Towards Constant Bandwidth Overhead Integrity Checking of Untrusted Data
Dwaine Clarke, G. Edward Suh, Blaise Gassend, Ajay Sudan, Marten van Dijk & Srinivas Devadas
We present an adaptive tree-trace scheme to improve the performance of checking the integrity of arbitrarily-large untrusted data, when using only a small fixed-sized trusted state. Currently, hash trees are used to check the data. In many systems that use hash trees, programs perform many data operations before performing a critical operation that exports a result outside of the program's execution environment. The adaptive tree-trace scheme we present uses this observation to harness the power of the constant runtime bandwidth overhead of a trace-based scheme. For all programs, the adaptive tree-trace scheme's bandwidth overhead is guaranteed to never be worse than a parameterizable worst case bound. Furthermore, for all programs, as the average number of times the program accesses data between critical operations increases, the adaptive tree-trace scheme's bandwidth overhead moves from a logarithmic to a constant bandwidth overhead.
This work studies the problem of checking the integrity of operations performed on an arbitrarily-large amount of untrusted data, when using only a small fixed-sized trusted state. Commonly, hash trees [1, 5] are used to check the integrity of the operations. The hash tree checks data each time it is accessed and has a logarithmic bandwidth overhead as an extra logarithmic number of hashes must be read each time the data is accessed.

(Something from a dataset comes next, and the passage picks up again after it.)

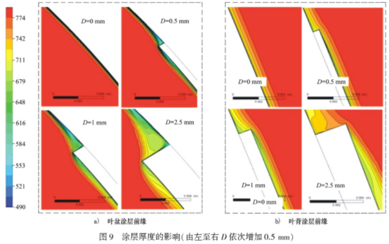 式中,υ為氣體的流速。為分析涂層對葉片對流換熱的影響,定義總溫邊界層的厚度為從物面到約等于99%外部流體總溫處的垂直距離。取涂層前緣周圍6mmx8mm的局部區域為分析對象,其近壁面氣體總溫的分布形式如圖9所示。
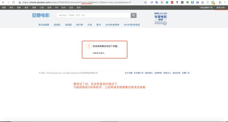 为什么我们之前的案例(京东、优酷等)中不需要登录,而今天爬取豆瓣需要登录呢?那是因为豆瓣在没有登录状态情况下只允许你查看前200条影评,之后就需要登录才能查看,这也算是一种反扒手段!

One proposed use of a hash tree is in a single-chip secure processor [7, 8, 10], where it is used to check the integrity of external memory. A secure processor can be used to help license software programs, where it seeks to provide the programs with private, tamper-evident execution environments. In such an application, an adversary's job is to get the processor to unintentionally sign incorrect results or unintentionally reveal private instructions or private data in plaintext. Thus, assuming covert channels are protected by techniques such as memory obfuscation [6, 8], with regards to security, the critical instructions are the instructions that export plaintext outside of the program's execution environment, such as the instructions that sign certificates certifying program results and the instructions that export plaintext data to the user's display. It is common for programs to perform millions of instructions, and perform millions of memory accesses, before performing a critical instruction. As long as the sequence of memory operations is checked when the critical instruction is performed, it is not necessary to check each memory operation as it is performed and using a hash tree to check the memory may be causing unnecessary overhead.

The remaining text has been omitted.